The plaintiffs in the lawsuit also include couples who have been kept apart during the Coronavirus pandemic due to the State Department’s protracted delays in visa processing and Consular refusal to schedule visa interviews worldwide due to the pandemic.


Plaintiffs Arguments 

In their suit, the plaintiffs requested a preliminary injunction to immediately stop the State Department’s visa processing suspension based on two arguments (1) the State Department has unreasonably delayed visa processing for K visa applicants not subject to the COVID proclamations and (2) the State Department has unlawfully stopped visa processing for K visa applicants subject to the COVID proclamations.
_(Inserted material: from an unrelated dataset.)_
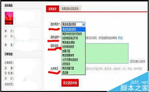 6、收到貨物后申請退款——提交退款申請。同樣和未收到退貨的退貨的步驟一樣,退貨首先需要填寫退貨說明、退貨原因,金額等相關信息。此處退款的金額等不能隨意填寫,要不大于當初買貨的金額,否則不能正常退款。
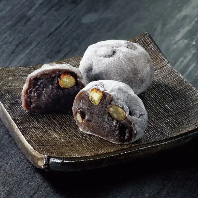赤えんどう豆を混ぜ込んだ黒いもち生地で、ごまあんを包んだミニ大福。やさしい甘さと香ばしい風味が特長です。 |

Since the start of the pandemic, the majority of K visa applications have been stuck at the National Visa Center awaiting transfer to the Embassy or Consulate for visa scheduling. Still others have completed the interview process and have been awaiting K visa issuance for months on end with no reassurance from the Consulate regarding visa issuance in the near future.

The central issue for the court to resolve was whether the plaintiffs in the case met their burden of proof to demonstrate a likelihood of success with respect to their arguments.